Saswata Sarkar has close to 15 years of rich experience that span across working with leading International Hotel Chains & a long stint with P&O Cruises. He has undergone tremendous amount of training in maintaining high standards of excellence in the kitchen, its processes, health standards, not to mention excellent presentations of the meals, especially onboard the cruise lines. A major highlight in his career was being part of the opening team of Sindhu, an Indian Restaurant run by a Two Michelin Star Celebrity Chef Atul Kochhar, leading the galley to prepare & serve amazing meals. At Kamaxi College of Culinary Arts, Saswata brings across his vast knowledge of food hygiene practices, health & safety, innovation, along with his vast experience in meal presentations & cost management.

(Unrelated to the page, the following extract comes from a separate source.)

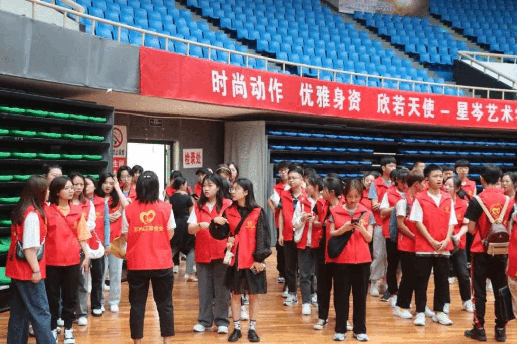 志愿者们在活动中分别负责安定赛场秩序、入场检录和礼仪等工作。大家相互配合,分组行动,一切工作井然有序地开展。志愿们饱含热情,认真负责;参赛者们风采奕奕,舞姿曼妙,赛场氛围激烈紧张。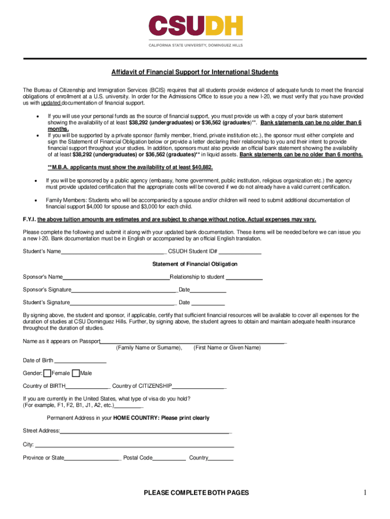 Get the free Affidavit of Financial Support for International Students

Roy Goes faculty of kamaxi hotel management school
Roy Goes
Faculty, Soft Skills Trainer

Roy Goes has spent years ensuring service benchmarks at Disney Cruise Line restaurants were either met or surpassed, displaying excellent communications, a motivational attitude, ability to work well under pressure, time management skills, innovation and leadership skills. He offers in depth experience on maintaining personal grooming and hygiene standards, executing service standards, setting performance goals, corrective strategies, cross-utilisation of staff, maintenance of equipment, mentoring colleagues, mediation and disciplinary action and various other skills required to run a successful hospitality business. Since 2017, he has worked as a soft skills trainer and food and beverage service faculty at American College of Culinary and Language Arts.